BABE provides a relaxed and friendly space to meet and chat to artists about their work and buy works of art. Prices start from just a few pounds.

It is an event organised in conjunction with the Centre for Fine Print Research at the University of the West of England.

Sat 30 Apr, 11am – 6pm
Sun 1 May, 11am – 5pm

Free entry

Imi Maufe: World Atlas
Also, if you get a chance you can take part in creating a World Atlas from memory during the BABE weekend. This work in progress will be on view during the weekend, before being bound into a book at the end.

Arnolfini, 16 Narrow Quay, Bristol BS1 4QA, +44 (0)117 9172300 / 01,

Baby Boomers, All About Age?

Ed Howker and Shiv Malik were at the Arnolfini as part the Festival of Ideas. Howker and Malik have written the book Jilted Generation: How Britain Has Bankrupted Its Youth.
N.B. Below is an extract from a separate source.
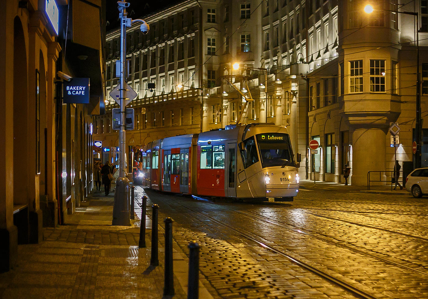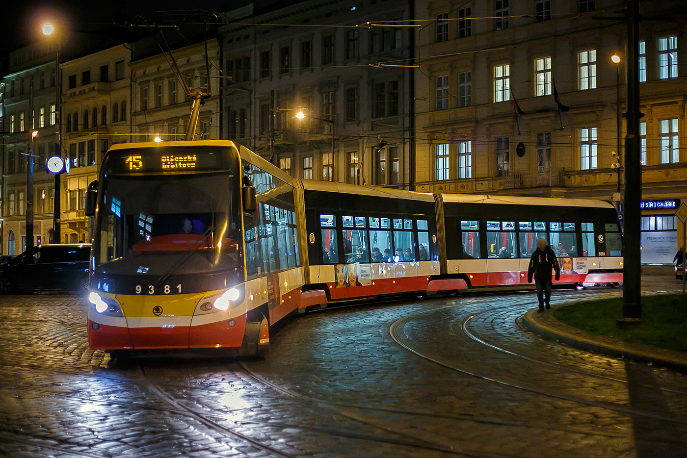 Straßenbahn Prag, der Triebwagen DPP 9410, ein dreiteiliger achtachsiger ¦koda 15T4 am 22.11.2022, als Linie 19, auf der Senová¸né náměstí Prag.
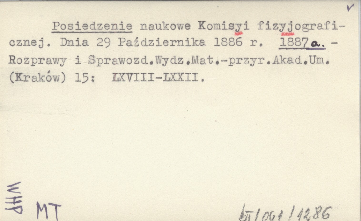 Posiedzenie naukowe Komisyi fizyjograficznej. Dnia 29 Października 1886 r. 1887 a

“Born after September 1979? Struggling to find a decent job, even though you’re a graduate? Can’t afford to buy or even rent a house? No prospects? Welcome to the jilted generation. Things go wrong in society all the time, but rarely do they go wrong for an entire generation” says the summary at the back of the book.

Apparently these two authors did their own research and discovered that today’s young people (31 and under) did actually face a harder time than young people of 30 to 40 years ago. Pardon me for my lack of enthusiasm when Malik told us that he’d had to learn to use Excel and to draw up graphs and everything. Compare that to the 1.38 million hits that social mobility as a search term brings up in Google Scholar.

Some of the issues that young people are facing according to the authors:

  • Being stuck in the rental sector, over 50% of young people rent because they can’t afford to buy;
  • Student fees mean that young people start off their professional lives in debt.
  • General financial situation: increased national debt because of the costs of pensions and the NHS etc.

Why do these things matter?

  • Because young people will stop having children, apparently there is a statistical link to housing and money;
  • Society will lose its communities;
  • People will stop having relationships;
  • People will start leaving the country.

The political part of the discussion focussed on neoliberalism and the rise of Thatcherism. There was some discussion about demographics and market research and how we were now segmented into voters. Politics focuses on short term discussions rather than the real issues apparently.

Also, young people just weren’t involved in politics any more, they weren’t striking, they weren’t protesting and they were generally apathetic. The irony of the pair’s own friends who were policy advisers and that at 29 they told us they were themselves too old to advise politicians seemed to pass them by.

The relationship between the media and politics was questioned and we were told that editors are usually much older and this was the problem.

Ed Howker rejected the idea of class as a determinant of how society works. Then when I questioned why they, two 29 year old journalists, who in general are professionals who will have grown up in families that are better off than three in four of all families in the UK, and both married saw themselves as facing the same issues as young kids from Brixton (an example from another audience member) – Shiv got defensive and wondered why his choice to get married should have any affect.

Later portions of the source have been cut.